• **ABOUT THIS TASK**:
Take the lines from the head of the listing through the one bearing "Jeans Men Men's" and copy them exactly, leaving every picture out.
Segment Start: GIVEN MATERIAL
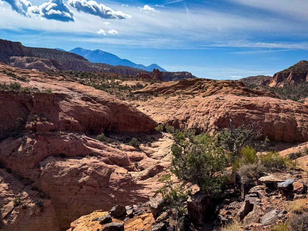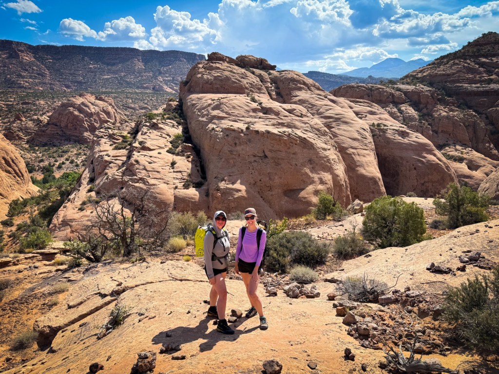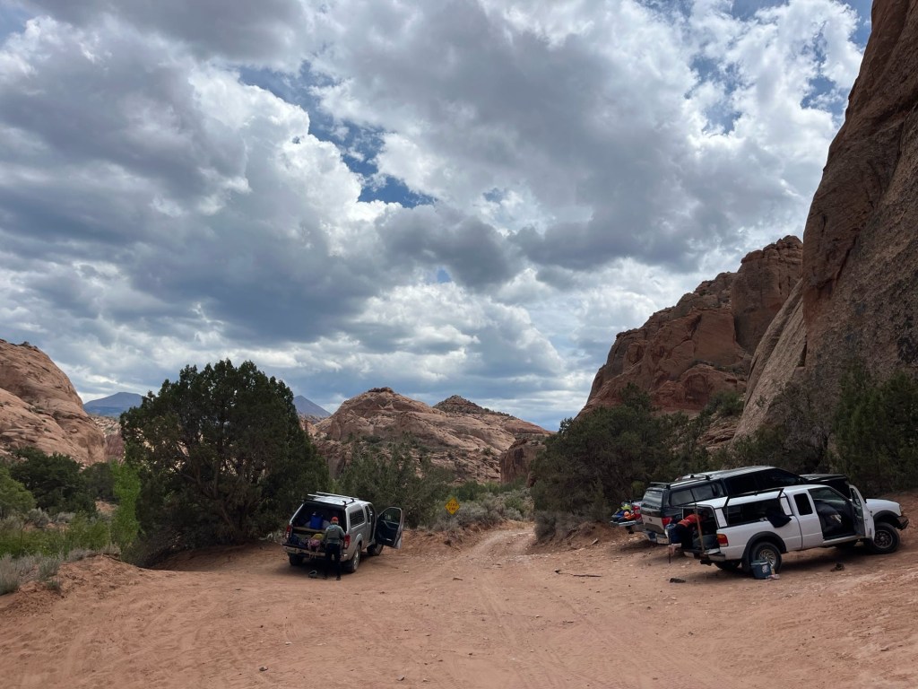 We kicked off Day 2 buzzing with energy and anticipation as 24 women piled into four trucks, ready for another round of desert magic. Fueled by coffee and layered in sunscreen, we rumbled down classic Moab roads—dusty, winding, and flanked by wide-open skies and rust-colored sandstone that stretched toward the horizon. When we finally pulled up to the trailhead and shouldered our packs, the La Sal Mountains rose in the distance like familiar old friends, quietly standing guard.
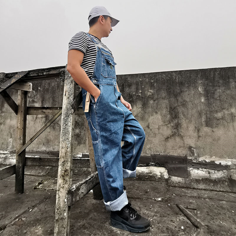 Jeans Men Men's Denim Overalls Men's Overalls Jumpsuit Large size strap Straight pants Blue jeans More sizes 30-44 46
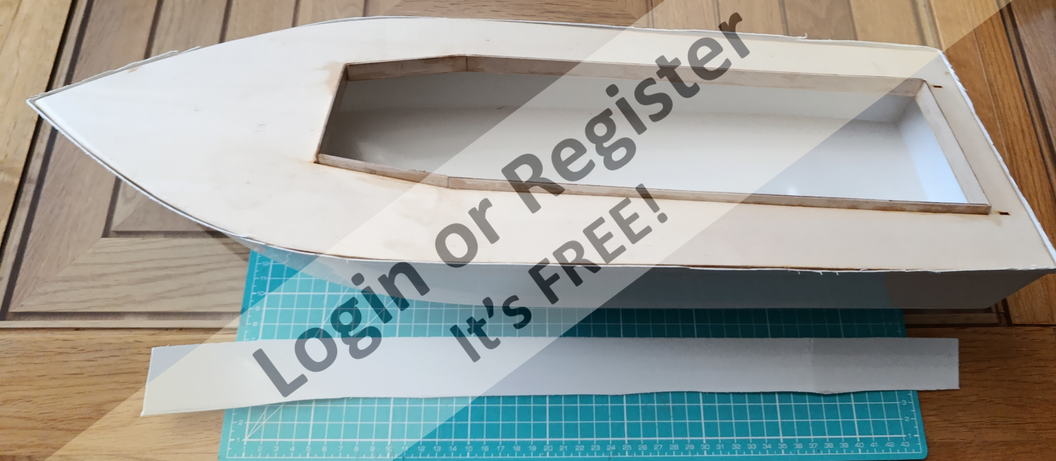 The ABS hull comes with about 1 1/4" (about 300mm) extra height above the deck level which needs cutting down to be about 2mm above the temporary fitted deck level. This wasn't that easy but in the end I used a pair of tin snips to cut it which proved to be better than using a Stanley Knife. I have drilled and filed the holes in the ABS hull for the prop shaft tube and rudder tube. I've now assembled the deck coaming, motor mount, battery box and supports for the rudder tube. Next job is to waterproof the deck on both sides, and all the other assembled plywood parts. Having seen another blog, I've decided to strengthen the wood around the rudder tube by using an offcut from the wood provided for the boat stand. I will smooth the edges when the glue has set!
Segment End: GIVEN MATERIAL
• **RESULT FOR THIS TASK**:
 We kicked off Day 2 buzzing with energy and anticipation as 24 women piled into four trucks, ready for another round of desert magic. Fueled by coffee and layered in sunscreen, we rumbled down classic Moab roads—dusty, winding, and flanked by wide-open skies and rust-colored sandstone that stretched toward the horizon. When we finally pulled up to the trailhead and shouldered our packs, the La Sal Mountains rose in the distance like familiar old friends, quietly standing guard.
 Jeans Men Men's Denim Overalls Men's Overalls Jumpsuit Large size strap Straight pants Blue jeans More sizes 30-44 46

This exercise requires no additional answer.